— GIVEN DATA —
"""

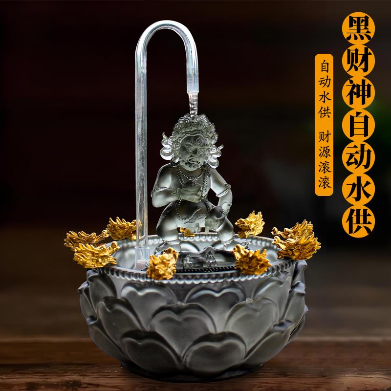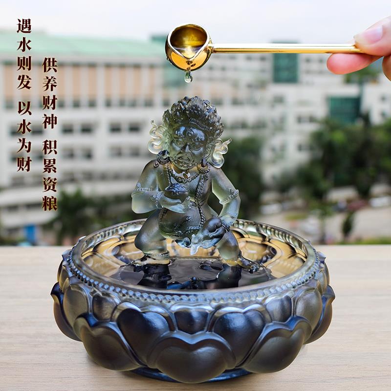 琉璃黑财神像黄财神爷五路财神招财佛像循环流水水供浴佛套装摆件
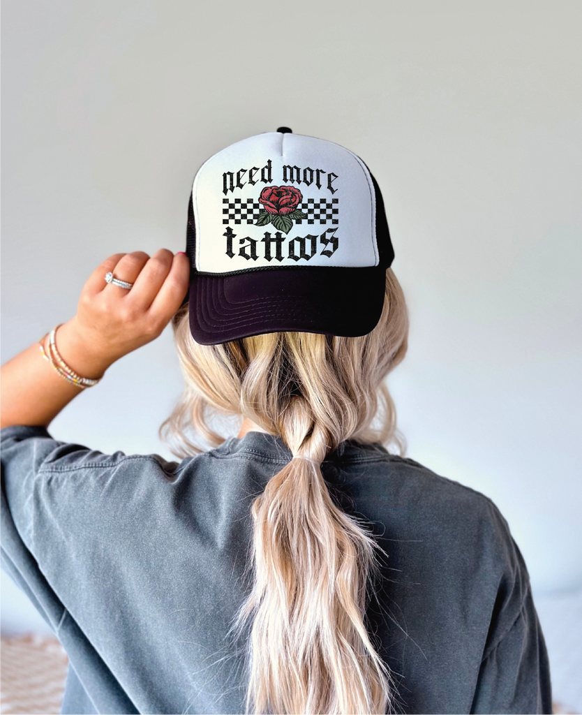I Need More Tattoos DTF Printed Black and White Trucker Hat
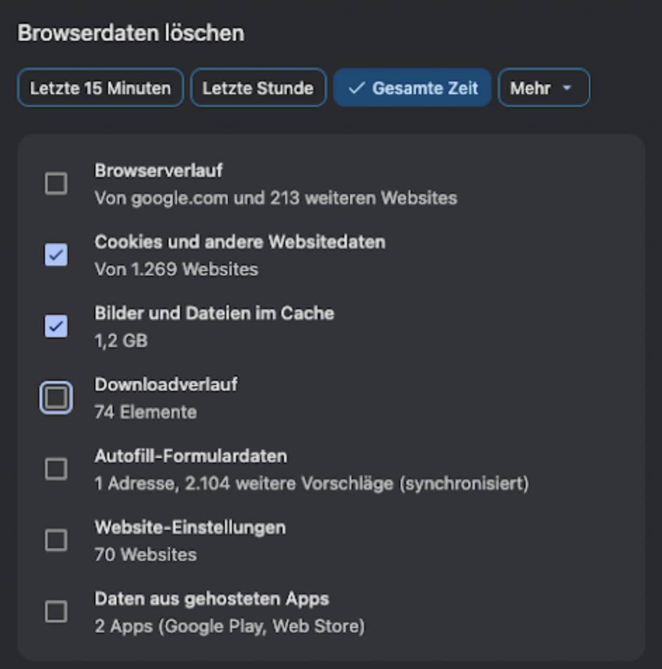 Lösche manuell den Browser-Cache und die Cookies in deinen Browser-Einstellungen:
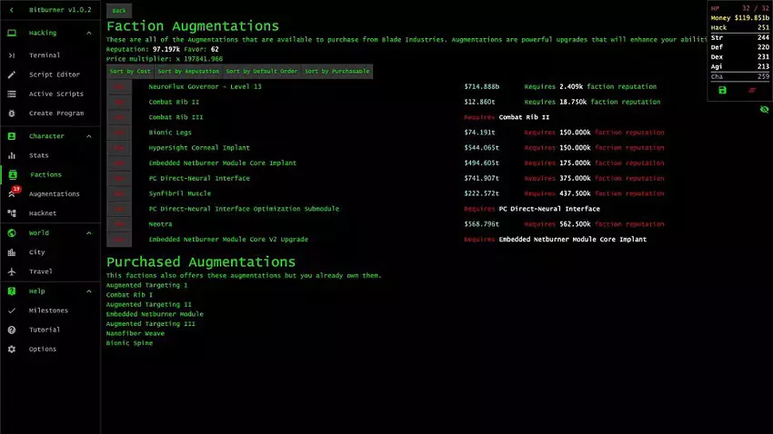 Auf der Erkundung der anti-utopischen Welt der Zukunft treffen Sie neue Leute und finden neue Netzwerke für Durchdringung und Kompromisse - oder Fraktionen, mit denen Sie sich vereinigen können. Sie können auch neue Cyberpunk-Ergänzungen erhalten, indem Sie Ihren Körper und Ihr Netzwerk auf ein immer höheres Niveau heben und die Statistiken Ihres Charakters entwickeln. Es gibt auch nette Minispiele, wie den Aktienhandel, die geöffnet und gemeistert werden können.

"""

— WHAT IS EXPECTED —
Leaving out all pictures, retype exactly the lines that run from the one containing "I Need More" through the last line of the material.

— YOUR SOLUTION —
I Need More Tattoos DTF Printed Black and White Trucker Hat
 Lösche manuell den Browser-Cache und die Cookies in deinen Browser-Einstellungen:
 Auf der Erkundung der anti-utopischen Welt der Zukunft treffen Sie neue Leute und finden neue Netzwerke für Durchdringung und Kompromisse - oder Fraktionen, mit denen Sie sich vereinigen können. Sie können auch neue Cyberpunk-Ergänzungen erhalten, indem Sie Ihren Körper und Ihr Netzwerk auf ein immer höheres Niveau heben und die Statistiken Ihres Charakters entwickeln. Es gibt auch nette Minispiele, wie den Aktienhandel, die geöffnet und gemeistert werden können.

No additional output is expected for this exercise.